Data processing

Data processing aims to extract biologically relevant information from the acquired data. It includes many steps that are similar for MS and NMR. A good understanding of the steps involved is important in order to minimise the risk of skewed or false results. Typically, the endpoint of MS and NMR metabolomics studies is an (annotated) feature matrix as seen in Figure 8. A feature is typically a peak or signal that represents a chemical compound. Thus, a feature matrix contains the intensities or (relative) abundances of relevant signals for every sample, describing the metabolomics fingerprint. Ultimately, this feature list would become a list of identified metabolites with semi-quantified or quantified values. Transpositions of the matrix are also common.

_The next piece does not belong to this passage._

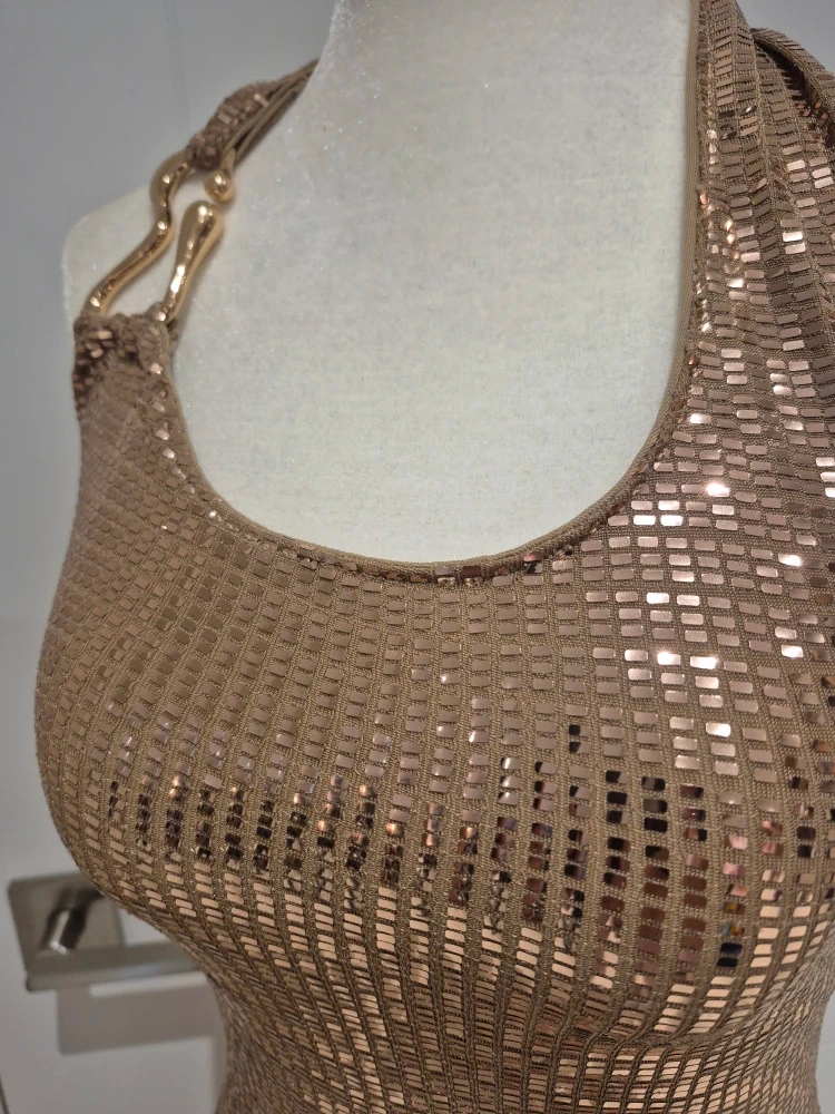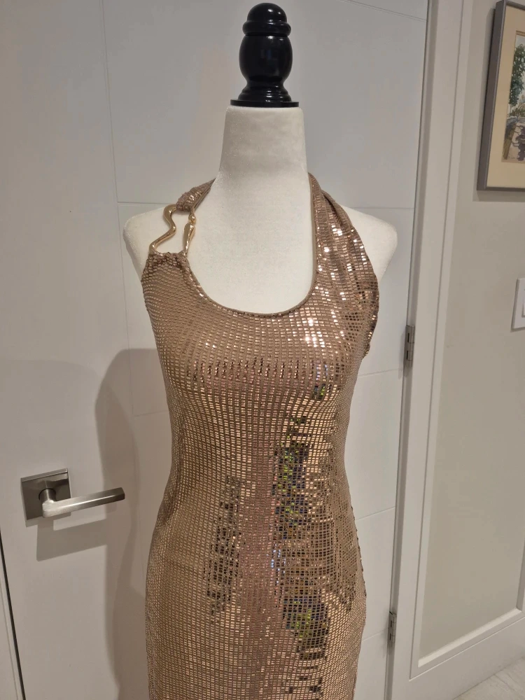 Gorgeous sequin halter maxi dress in a beautiful gold colour! Perfect for a night out or a special occasion. It's in great condition and ready for a new home. Worn once for New Year's Party. The mannequin is a size small, it looks a bit tight from the photo but it fits an XS.

Figure 8 Example of an MS feature matrix

To compile a feature matrix, noise reduction and background correction are essential before features can be extracted via peak picking. This process greatly tidies up the data. Extracted features of individual samples are then aligned across samples to compensate for drifts in the chemical shift (NMR) or retention time (MS) as seen in Figure 9. Aligned features can then be aggregated in a feature matrix: a feature has a characteristic chemical shift (NMR) or mass (MS) that can be used as column header. The rows represent individual samples.

Signal distortion image
Figure 9 Combining extracted features together

A summary of components contributing to signal distortions.

  • a – Random noise adds variation to a signal around the mean (zero)
  • b – Systematic noise, e.g. baseline drifts, introduces a systematic drift or bias in the data that needs to be removed before data analysis; Systematic noise can impact heavily on signal intensities and derived signal areas
  • c – The actual signal follows – in theory – a Gaussian distribution; deviations from this distribution reflect external factors
  • d – Overlay of components (a), (b), and (c), and the resulting ‘measured’ signal (black line)

Noise (or error) is an important consideration to factor in because it distorts the signals in your data. There are two types of noise:

Random noise

This results from contaminants and general technological limitations. It produces signal spikes and discontinuous data that could be mistaken for meaningful data.

Systematic noise

This results from external factors that are not relevant for the study. Baseline drift is one example of systematic noise and is a common problem in liquid chromatography-mass spectrometry (LC-MS) where the gradient of the mobile phase causes the chromatographic baseline to be irregular (Figure 9d).